DSAユーザー: ダイナミック広告グループが標準広告グループに変換され、過去の設定とデータが引き継がれます。AI Maxの 3つ の機能(検索語句マッチング・テキストカスタマイズ・最終URL拡張)がすべて有効化され、従来のURLコントロールは維持されます。
ACAユーザー: 検索語句マッチングとテキストカスタマイズがデフォルトで有効化されます。
キャンペーンレベルのブロードマッチ設定ユーザー: 検索語句マッチングがデフォルトで有効化されます。
設定の自動引き継ぎによってパフォーマンスの安定性が確保されるよう設計されていますが、自動移行後に各設定が自社の運用方針と合っているかを確認することが重要だと思います。
今から準備すべきこと
Googleは自動移行を待たず、今すぐAI Maxへの移行を開始することを強く推奨しています。自主的に移行することで、ビジネスニーズに合った設定を最初から整えることができ、9月の自動移行時に設定が想定外の状態になるリスクを減らせると考えられます。

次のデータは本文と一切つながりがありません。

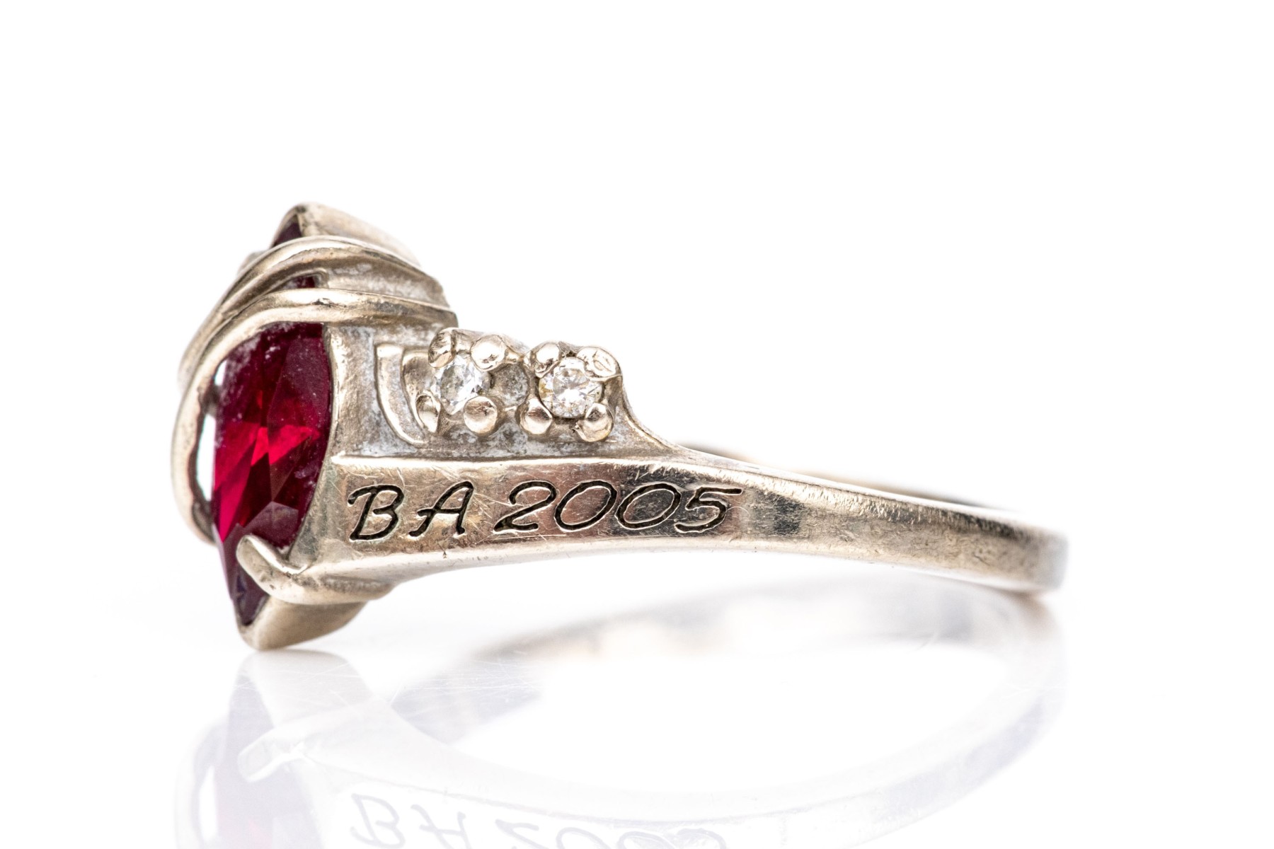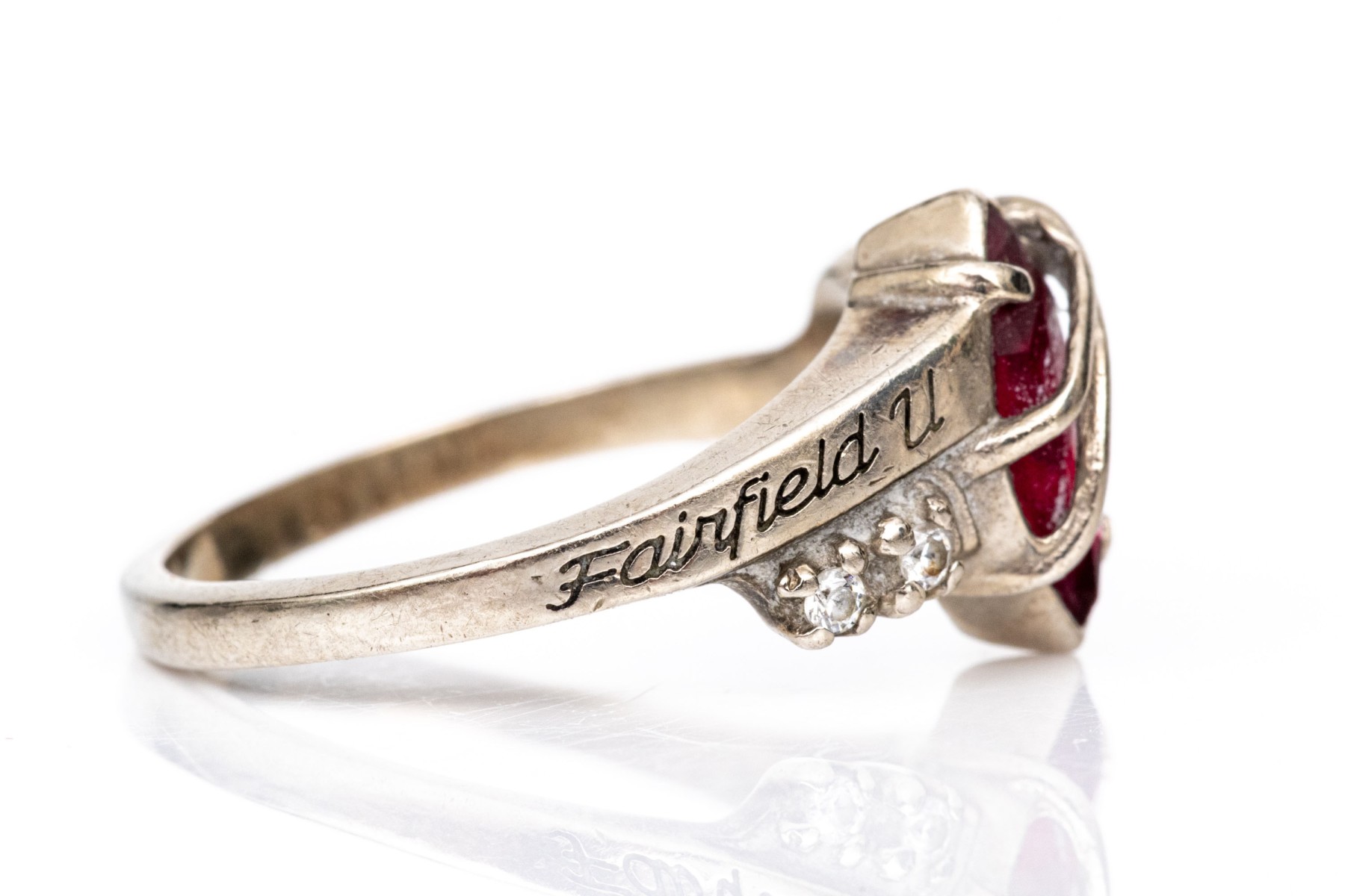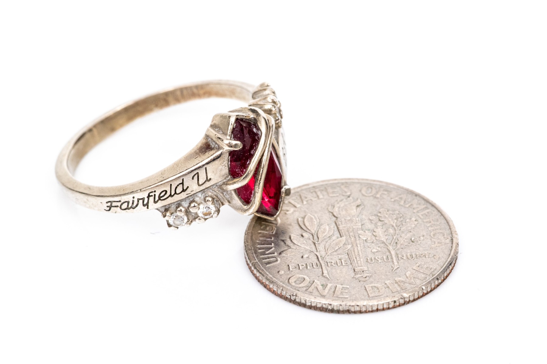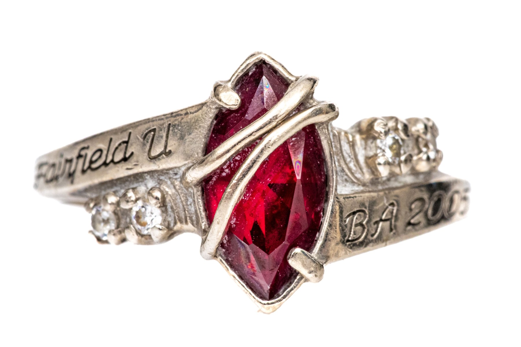 10k white gold class of 2005 Fairfield University burgundy and white cz class ring, size 6.25

また、Googleが提供するワンクリック実験機能を活用することで、AI Maxのパフォーマンスへの影響を事前にテストすることも可能です。フル機能を有効にした場合の効果について、Googleは「検索語句マッチングのみ使用時と比べ、同等のCPA/ROASで平均7%多いコンバージョンまたはコンバージョン値を達成している」と報告しています。この数値は広告アカウントの規模や業種によって異なる可能性があり、自社の環境での実測が重要だと思います。
まとめ
GoogleはDSAをはじめとするレガシー機能を2026年9月までにAI Maxへ統合する方針を正式に発表しました。自動移行前に自主的に準備を進めることで、設定の主導権を確保できます。検索広告の運用手法が変わるこのタイミングに、AI Maxの機能と制御方法を事前に把握しておくことが重要だと思います。